Kálati est une série qui respire la littérature. Un épisode sera diffusé le dernier dimanche de chaque mois, et mettra le curseur sur deux livres. Parce qu’il existe de multiples talents disséminés sur la planète, et ayant vécu à des époques distinctes, il serait dommage d’élever des garde-fous et d’éliminer de fait des merveilles littéraires. Kálati est une série qui n’admet ni limite géographique, ni frontière temporelle. Elle pourra donc mettre en lumière une œuvre écrite durant l’Antiquité, ou une production ayant pour genèse l’Asie. 

Cependant, Kálati accorde une place de choix à la littérature africaine, cette dernière étant le parent pauvre des lettres au plan international, non par manque de talent, mais par défaut de visibilité et d’accessibilité. De nombreux auteurs du continent noir se signalent par la qualité de leur écriture et l’importance des sujets qu’ils abordent. Ainsi, les œuvres présentées admettrons des origines diverses, mais au sein de chaque épisode, il existera invariablement une œuvre forgée par un auteur africain.

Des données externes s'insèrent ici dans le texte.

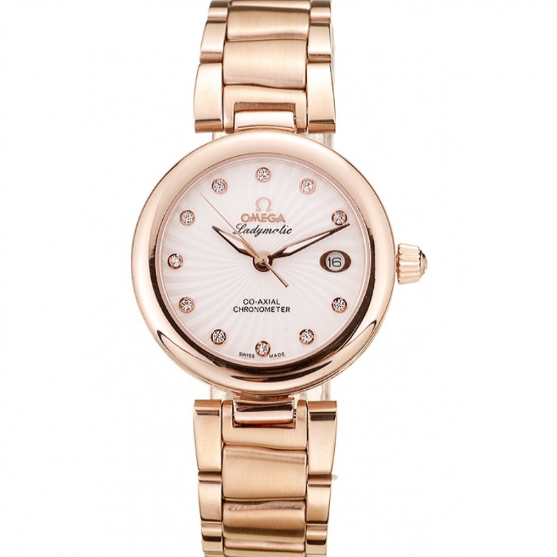 Dial Omega DeVille Ladymatic de oro rosa de acero inoxidable correa blanca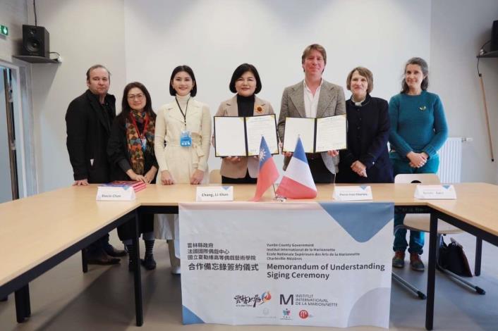 雲縣府與法國高等偶戲學院簽MOU,傳承布袋戲技藝。圖/縣府提供

Le genre littéraire de prédilection de cette série est le roman, et cela pour une raison fort simple : au sein de la grande famille des auteurs, et plus spécifiquement de la sous-famille des écrivains, les romanciers sont de manière générale ceux qui allient le mieux pédagogie et esthétique. Lire fait du bien. Lire des livres agréablement écrits fait encore plus de bien. L’on retrouvera tout de même dans cette série d’autres types d’ouvrages, à l’instar d’essais ou de traités, car il y en qui sont aussi instructifs que joliment rédigés.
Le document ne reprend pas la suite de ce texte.